For action to happen there must be some stimulus that gets it started and keeps it going. The trigger/switch at the individual level is motivation. That foundation out of the way, who is in charge of the triggers?
The Individual
You would think it would start here. The individual most likely assumes it will start somewhere else. When an individual has chosen to do something on their own, say find a job, they are certainly responsible for motivation. They will feed that with the carrots and sticks of different opportunities. But when an individual is expected to do something they relinquish control of motivation.
The Boss
Which brings us to the first level leaders. They are the closest to core motivational action. They have the chance to effect action. Unfortunately they are the bosses- as my kids say, “stop bossing me around”. Doubly unfortunate is the fact that they are also individuals. They are saddled with the need to both act and be responsible for action. With so much action on the radar it is easy to forget that action requires motivation.
The Mid Level Manager
It is here that the carrots and sticks are stacked, measured, bargained for and grouped. Since carrots and sticks are a fairly weak motivator, force and coercion are often chosen as alternatives. So now we have an individual who is also a boss delivering blows and wishing they could somehow satisfy everyone- which would probably increase motivation and therefore the right actions.
The Acronym Leaders
At this level you get your title shortened, from seven and eight letters (and more) to 2- VP. Not only must motivation at an individual level (which of course includes the VP) be considered, but there is now an invisible core energy centered around function (read skill, focus and a certain kind of specific motivation) that has a powerful action/inaction lever. Competing motivators and competing actions (or not) appear. The more this person takes charge of functional motivators the more they tend to run head-on into disparate organizational motivators- especially if they are wrapped up in a change package.
Enter the Figureheads
SVP’s.
Their idea of individual now means something completely different. Their understanding of motivators has been tarnished by the rise through the other levels. My favorite motivator- make this make sense- has lost its importance next to, “here is the list make it happen”. The SVP’s have a confusing list of competing interests, all of our categories, plus functions in general, sometimes the combination of functions (who do not always get along- think sales and marketing), the board (since many of them sit there), which means shareholders (a category of individuals that has a serious, often detrimental effect on motivation and action)…
Which leads to the Founder/CEO/Evangelist
It is just as easy to say they are in charge of motivation as it is to say the same of the individuals. For both you might just be right. While this individual (mixing categories again) has the weight of the world on their shoulders they also have all the potential for motivation that can create both action and the motivation to act.
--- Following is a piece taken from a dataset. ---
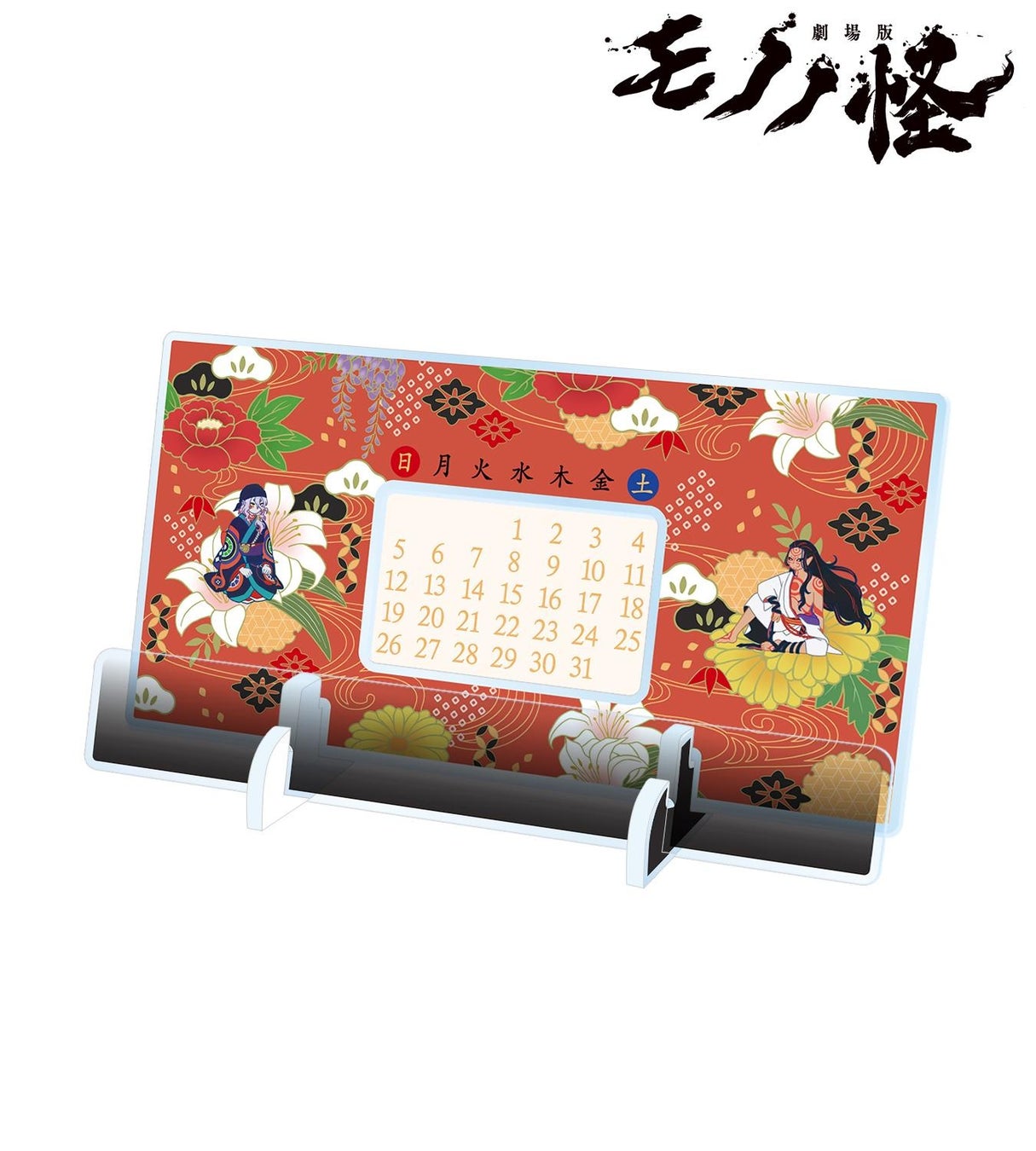 薬売り、神儀のイラストをボタニカルデザインに落とし込んで繊細なタッチで新たに描き起こし、卓上アクリル万年カレンダーに仕上げました。
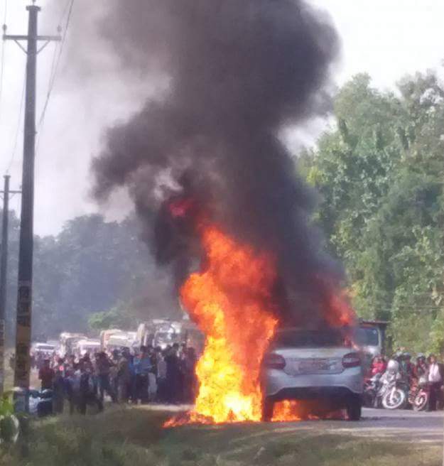 [caption id=\"attachment_104660\" align=\"aligncenter\" width=\"625\"]\"butwal_gadi-jalaeyo\" रूपन्देहीको देवदहमा प्रदर्शनकारीहरूले गाडीमा अागो लगाउँदै[/caption] काठमाडौं, १६ मंसिर । संविधानसभाबाट संविधान जारी भए लगत्तै मधेसमा आन्दोलन चर्किएका थियो । मधेस आन्दोलनकै कारण भारतले समेत पाँच महिना नाकाबन्दी लगायो । मधेस आन्दोलनका क्रममा झण्डै ५५ जनाले ज्यान गुमाए । मधेसमा चर्किएको आन्दोलनलाई प्रहरीले दमन गरी आन्दोलनकारीलाई सीमा पारि पुर्याएको मधेसी नेताहरुले आरोप लगाएका थिए । जतिबेला काठमाडौंमा फरक किसिमको आन्दोलन थियो, हिन्दु राज्यको माग गरिएको थियो । काठमाडौंमा पानी हान्ने प्रहरीले मधेसमा आन्दोलनकारी ताकेरै गोली हान्यो भन्दै मधेसी दलहरुले आक्रोश ब्यक्त गरेका थिए । अहिले संविधान संशोधन विधेयक ब्यवस्थापिका संसदमा दर्ता भएपछि प्रदेश नम्बर ५ मा त्यसको चर्को विरोध भइरहेको छ । ठाउँठाउँमा सडकमा टायर बालेर यातायात अबद्ध पार्ने कामहरु भएपछि प्रहरी प्रशासन भने मुकदर्शक जस्तो मात्र देखिएको छ । विरोधका नाममा सडकमा उत्रिएका युवाहरुले बुधबार बुटवलमा केही सवारीका साधनहरुमा आगजनी र तोडफोड गरेको भएपनि प्रहरीले ती घटनामा अहिलेसम्म कसैलाई नियन्त्रणमा लिएको छैन । प्रहरीको अगाडि नै सडकमा आगो बाल्ने,सडक अबरुद्ध पार्ने र बजार बन्द गर्ने लगायतका क्रियाकलाप हुँदा पनि प्रहरी किन मौन छ भन्ने प्रश्न यतिबेला जनस्तरबाट उठिरहेको छ । प्रहरीको असक्षमताका कारण प्रहरी पछाडि हटेको हो वा आन्दोलनमा प्रहरीको पनि मौन समर्थन हो भन्ने प्रश्न उठेको राजनीतिककर्मीहरुले समेत आशंंका गरिरहेका छन् । देशमा शान्ति सुरक्षाको जिम्मा लिएको नेपाल प्रहरीको सुरक्षा घेरा भित्रै हिजो काठमाडौंको वानेश्वर चोकमा प्रदर्शनकारीले दिउँसै टायर बालेर बिरोध गरे । केहीबेर त्यहाँको यातायात सेवा समेत प्रभावित हुन पुग्यो तर प्रहरी मुकदर्शक भएर आन्दोलनकारीका गतिबिधि हेरेर बसेको प्रत्यक्षदर्शीले बताएका छन् । [caption id=\"attachment_104560\" align=\"aligncenter\" width=\"697\"]\"pardarsan\" रूपन्देहीको बुटवलमा प्रदर्शनकारीहरूले सडकमा टायर बालेर प्रदर्शन गर्दै[/caption] प्रहरीको यो कस्तो सुुरक्षा हो, आँखै अगाडि सडकमा आगो बाल्दा पनि कुनै सक्रियता नदेखिनुले प्रहरीको कर्तव्यमै आशंका उत्पन्न भएको बुद्धिजीवीहरुको ठम्याइ छ । सरकारले संशोधन प्रस्ताव दर्ता गरेपछि सोमबार साँझबाटै बुटवल, प्यूठान, अर्घाखाँची, पाल्पा लगायतका जिल्लाहरुमा पाँच नम्बर प्रदेश टुक्राउने गरी ल्याएको संशोधन प्रस्तावको विरोध गरिएको छ । विरोधमा मुख्य गरी अनेरास्ववियु, नेविसंघ, अखिल छैठौं लगायतका संगठन तथा उद्योग वाणिज्य संघ लगायत दजनौं संघ संगठनहरुको सक्रियता देखिएको छ । एमालेकै अगुवाइमा ५ नम्बर प्रदेश बचाउ अभियान समेत बनाइएक

They can guide systems, processes, structure and rewards. They can acknowledge (hint- biggest motivator for action), stir collaboration, mediate disputes and discrepancies and bring in the tools and resources to motivate worthwhile action (another hint- see make sense above).
We might have to call it a tie.
In the hierarchical structure, horizontal/matrixed or not, the top person is ultimately, on paper, in charge of motivation. In a democratic, each-person-is-a-shining-light culture, the individual is in charge of every action (not necessarily responsible, just in charge). So it is a tie. Since each person is an individual tie broken.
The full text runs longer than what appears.